I have an extra broiler pan from my oven that I've been using , and it works great . I've cleaned it after every cook , and don't let grease run all over it . 
So again for me , this is a non issue . 
I don't usually get so long winded , but that kind of sums it up so far . 

For me , I absolutely love it .  I'm not real big on buying stuff for myself , but I'm glad I did . 

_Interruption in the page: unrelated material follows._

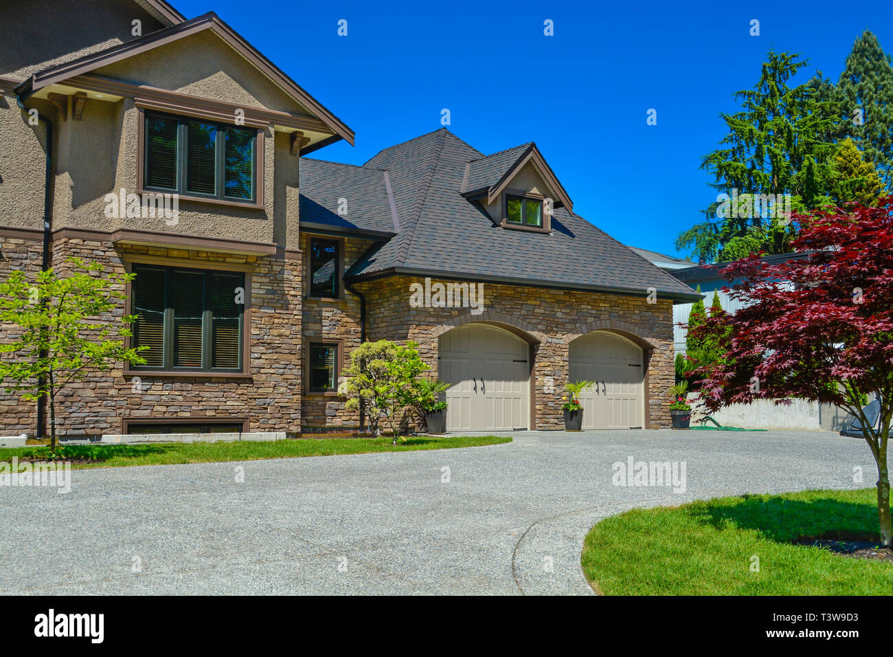 House Exterior With Garage And Driveway Beautiful Front Yard Stock Photo Picture And Royalty Free Image Image 32320449

Been using B&B pellets . I'm not hung up on 100 % flavor wood pellets for this . 
So far I have had great clean smoke flavor no jams or let downs . Only negative was the wheels . 
I really like the upgraded wheels . Dual locking , and quick release . Non skid , non marking . 
Any questions just ask .


----------



## larryb (Aug 3, 2021)

chopsaw said:


> Larry , I'm right about 9 days in , and have cooked on it everyday . Sometimes twice in the same day .
> Actually just put a pork cushion roast on 20 minutes ago .
> When I first saw them I was interested . Never thought I would have a pellet grill , but I really liked the look of it . The floor model I saw had a nice fit and finish to it .
> Some nice features also . One important one to me was the drop pellet feed .
> ...


Thank you.  Think I will get off the fence D order 1.  Where did you get the snazy wheels.   Also notamiiar with B&B pellets.  Is that an abbreviation or the full name? I greatly appreciate your long review. So your old oven broiler pan acsas the drip pan.  They (at least mine) is very shallow, not sure it will hold much grease.   How is the smoky flavor? 
Thanks.


----------



## chopsaw (Aug 3, 2021)

B&B is a brand name . I get them at Academy sports . Others will have an opinion on what you should use . These work fine and I get a nice clean smoke flavor . Weber has their own pellets that they recommend using . They are apparently smaller . I don't know .
If you going to use a pan underneath the grates I think you have an 1 1/2 , maybe 2 " . That broiler pan fits under there . Haven't done any long cooks yet but I think it will be fine .


----------



## chopsaw (Aug 3, 2021)

I got the wheels thru Amazon from caster HQ . 
mine are 5 " wheels . 1/2 " x 13 x 1 1/2 . That's diameter , teeth per inch and stud length .


----------



## larryb (Aug 3, 2021)

Thank you. I will be using mostly for low and slow smoking, I have a weber gas grill for the hot work.


----------



## chopsaw (Aug 3, 2021)

I've done pizza , ribs and chicken on mine . Just did the stuffed onions . So I've used all temp ranges so far . They also have a 100 money back , no questions asked policy . That's one reason I've been using it . 
I baked a loaf of bread on it the other day too . Like I said I like it , and no trouble so far . Did the ribs at 250 . Came out good .


----------



## larryb (Aug 3, 2021)

Thanks for the pic.   I was thinking thay put the broiler pan on top of the flavorizer bars.


----------



## chopsaw (Aug 3, 2021)

larryb said:


> I was thinking thay put the broiler pan on top of the flavorizer bars



You can , and I have . That's just one way I set it up . Here's a couple others . 
Foil pan on bars .





In the broiler pan on lower grate 





Pizza stone .


----------



## larryb (Aug 3, 2021)

Would you share the recipe for the stuffed onions?


----------



## chopsaw (Aug 4, 2021)

larryb said:


> Would you share the recipe for the stuffed onions?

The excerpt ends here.